*MATERIAL SHOWN*.
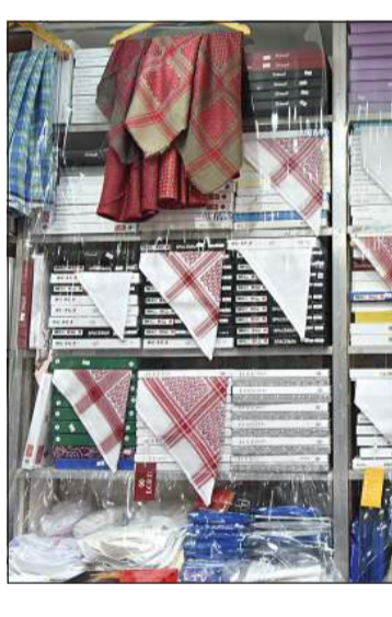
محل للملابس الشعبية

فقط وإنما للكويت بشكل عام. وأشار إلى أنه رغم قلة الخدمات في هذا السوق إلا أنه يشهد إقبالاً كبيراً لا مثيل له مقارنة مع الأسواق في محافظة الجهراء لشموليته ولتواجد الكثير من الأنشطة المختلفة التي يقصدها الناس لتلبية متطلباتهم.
* * *
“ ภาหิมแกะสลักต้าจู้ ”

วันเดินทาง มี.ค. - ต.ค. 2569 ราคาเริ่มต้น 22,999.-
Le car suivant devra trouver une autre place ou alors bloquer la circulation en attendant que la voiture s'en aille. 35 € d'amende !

*EXERCISE*. All that is wanted is a faithful reproduction of the line above with "محل للملابس الشعبية", the line with "فقط وإنما للكويت", and every line in between.

*SOLUTION TO THE EXERCISE*.
محل للملابس الشعبية

فقط وإنما للكويت بشكل عام. وأشار إلى أنه رغم قلة الخدمات في هذا السوق إلا أنه يشهد إقبالاً كبيراً لا مثيل له مقارنة مع الأسواق في محافظة الجهراء لشموليته ولتواجد الكثير من الأنشطة المختلفة التي يقصدها الناس لتلبية متطلباتهم.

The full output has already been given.